## Exercise objective
With the pictures set aside, return the lines below exactly, beginning at the first and ending at the line containing "We compared the".

==*==

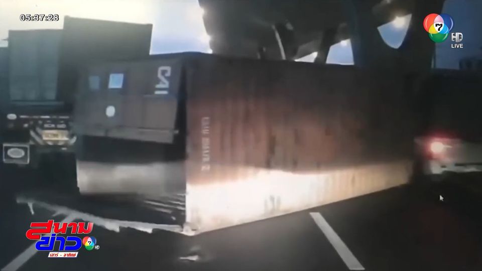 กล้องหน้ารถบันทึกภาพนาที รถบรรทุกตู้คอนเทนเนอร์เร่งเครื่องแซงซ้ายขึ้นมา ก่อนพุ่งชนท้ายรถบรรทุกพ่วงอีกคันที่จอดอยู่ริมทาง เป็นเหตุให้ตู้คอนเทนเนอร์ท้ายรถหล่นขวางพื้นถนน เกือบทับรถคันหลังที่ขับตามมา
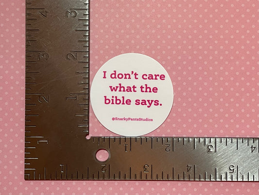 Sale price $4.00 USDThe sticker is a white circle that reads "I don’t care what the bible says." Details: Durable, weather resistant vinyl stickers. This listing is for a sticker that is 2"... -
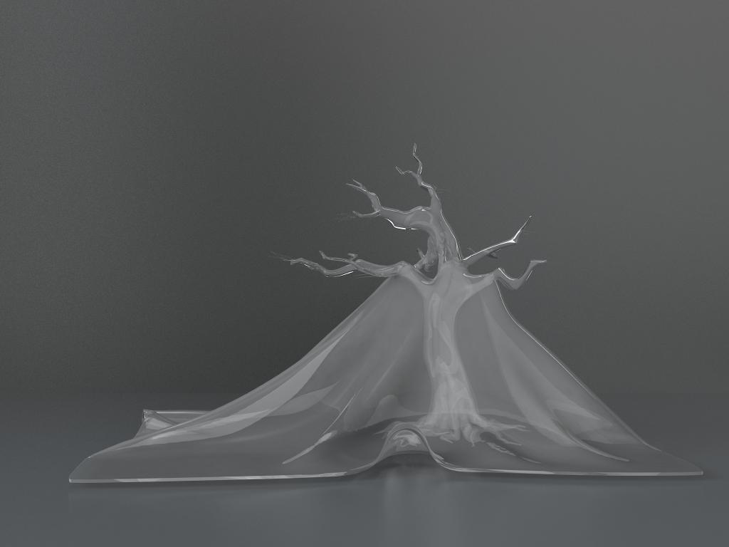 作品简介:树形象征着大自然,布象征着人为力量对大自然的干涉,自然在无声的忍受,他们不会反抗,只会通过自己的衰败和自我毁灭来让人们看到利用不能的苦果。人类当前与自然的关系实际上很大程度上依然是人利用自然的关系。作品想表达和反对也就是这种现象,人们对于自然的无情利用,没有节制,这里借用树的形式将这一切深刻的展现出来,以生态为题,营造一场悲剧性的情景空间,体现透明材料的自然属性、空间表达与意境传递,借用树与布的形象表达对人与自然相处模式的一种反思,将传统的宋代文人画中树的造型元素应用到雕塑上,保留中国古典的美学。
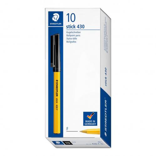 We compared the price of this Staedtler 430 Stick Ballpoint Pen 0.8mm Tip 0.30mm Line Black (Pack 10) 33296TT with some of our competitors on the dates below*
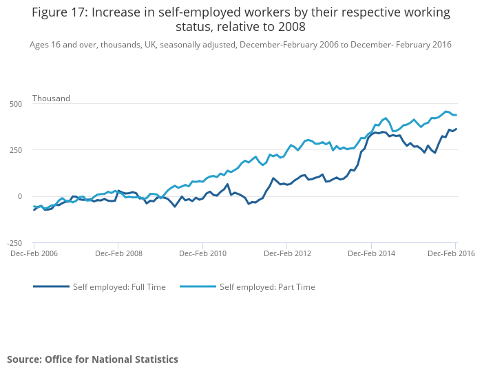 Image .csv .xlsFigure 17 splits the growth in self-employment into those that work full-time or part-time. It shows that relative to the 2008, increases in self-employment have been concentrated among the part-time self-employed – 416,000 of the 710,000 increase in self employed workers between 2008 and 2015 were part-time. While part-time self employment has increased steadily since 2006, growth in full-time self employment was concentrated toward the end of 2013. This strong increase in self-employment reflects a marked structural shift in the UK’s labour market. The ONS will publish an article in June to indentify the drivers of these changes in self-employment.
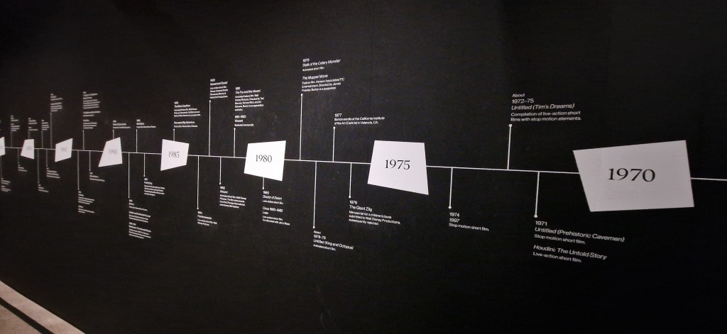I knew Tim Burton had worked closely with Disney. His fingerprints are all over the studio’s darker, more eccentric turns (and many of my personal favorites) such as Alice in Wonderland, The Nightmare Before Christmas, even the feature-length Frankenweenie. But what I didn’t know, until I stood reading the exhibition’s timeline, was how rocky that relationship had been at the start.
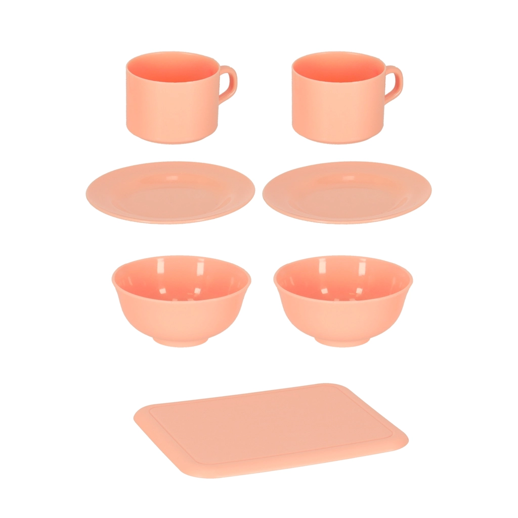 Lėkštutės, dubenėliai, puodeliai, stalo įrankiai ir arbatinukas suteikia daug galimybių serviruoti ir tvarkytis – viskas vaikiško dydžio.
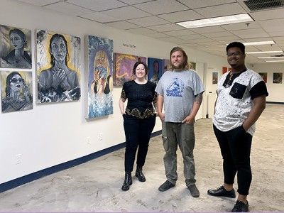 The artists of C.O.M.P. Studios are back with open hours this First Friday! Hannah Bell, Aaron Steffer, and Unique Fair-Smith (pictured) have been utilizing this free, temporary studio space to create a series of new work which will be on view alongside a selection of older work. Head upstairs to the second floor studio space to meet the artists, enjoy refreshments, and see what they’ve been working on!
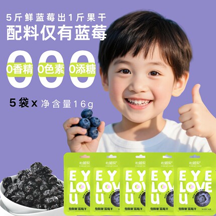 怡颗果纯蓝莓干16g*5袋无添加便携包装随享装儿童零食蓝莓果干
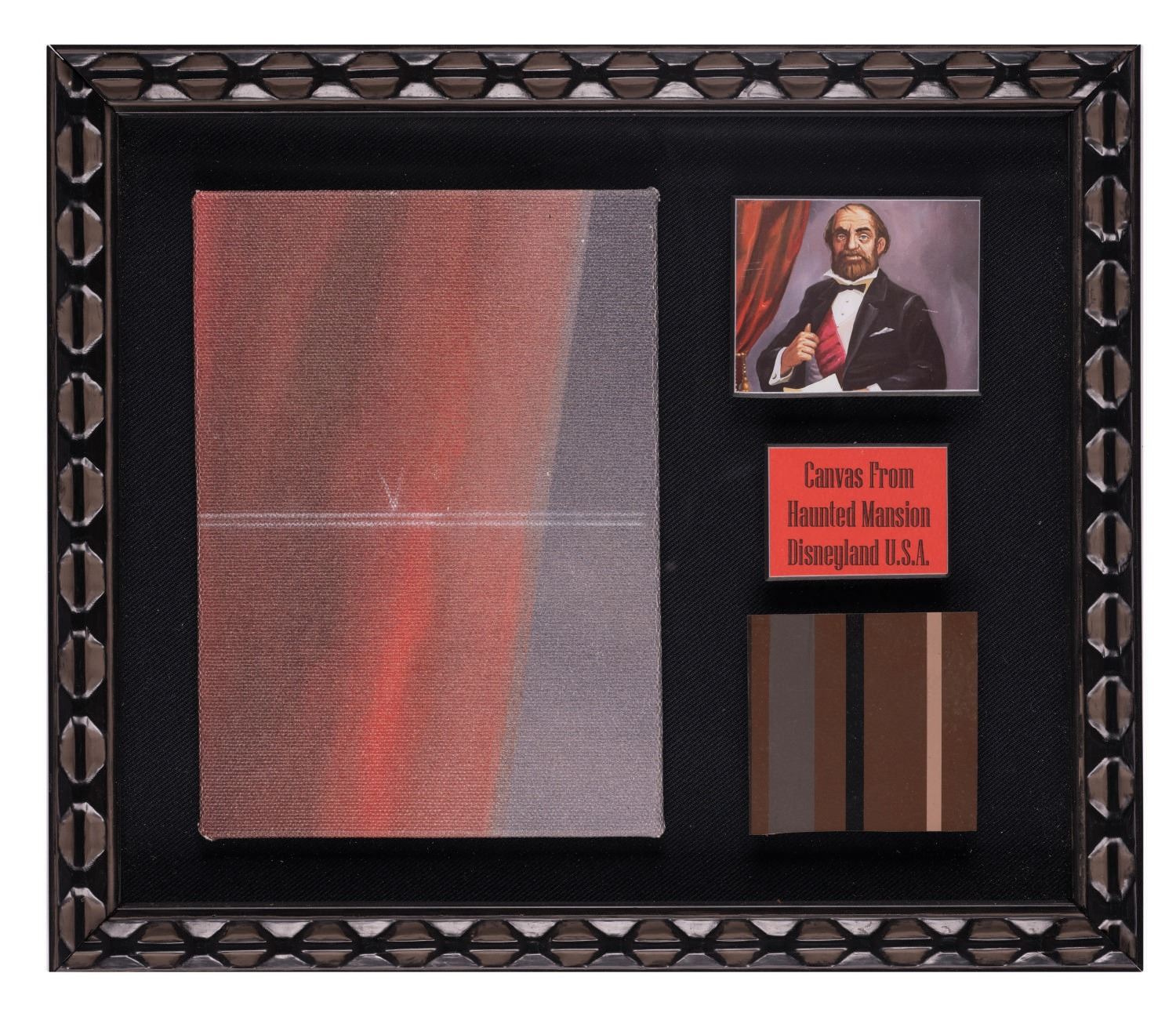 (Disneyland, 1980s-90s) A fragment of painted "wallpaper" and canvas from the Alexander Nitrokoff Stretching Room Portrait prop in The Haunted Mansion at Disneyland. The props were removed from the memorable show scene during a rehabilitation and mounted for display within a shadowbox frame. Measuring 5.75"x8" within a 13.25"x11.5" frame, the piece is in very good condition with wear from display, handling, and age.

==*==

## Exercise result
 กล้องหน้ารถบันทึกภาพนาที รถบรรทุกตู้คอนเทนเนอร์เร่งเครื่องแซงซ้ายขึ้นมา ก่อนพุ่งชนท้ายรถบรรทุกพ่วงอีกคันที่จอดอยู่ริมทาง เป็นเหตุให้ตู้คอนเทนเนอร์ท้ายรถหล่นขวางพื้นถนน เกือบทับรถคันหลังที่ขับตามมา
 Sale price $4.00 USDThe sticker is a white circle that reads "I don’t care what the bible says." Details: Durable, weather resistant vinyl stickers. This listing is for a sticker that is 2"... -
 作品简介:树形象征着大自然,布象征着人为力量对大自然的干涉,自然在无声的忍受,他们不会反抗,只会通过自己的衰败和自我毁灭来让人们看到利用不能的苦果。人类当前与自然的关系实际上很大程度上依然是人利用自然的关系。作品想表达和反对也就是这种现象,人们对于自然的无情利用,没有节制,这里借用树的形式将这一切深刻的展现出来,以生态为题,营造一场悲剧性的情景空间,体现透明材料的自然属性、空间表达与意境传递,借用树与布的形象表达对人与自然相处模式的一种反思,将传统的宋代文人画中树的造型元素应用到雕塑上,保留中国古典的美学。
 We compared the price of this Staedtler 430 Stick Ballpoint Pen 0.8mm Tip 0.30mm Line Black (Pack 10) 33296TT with some of our competitors on the dates below*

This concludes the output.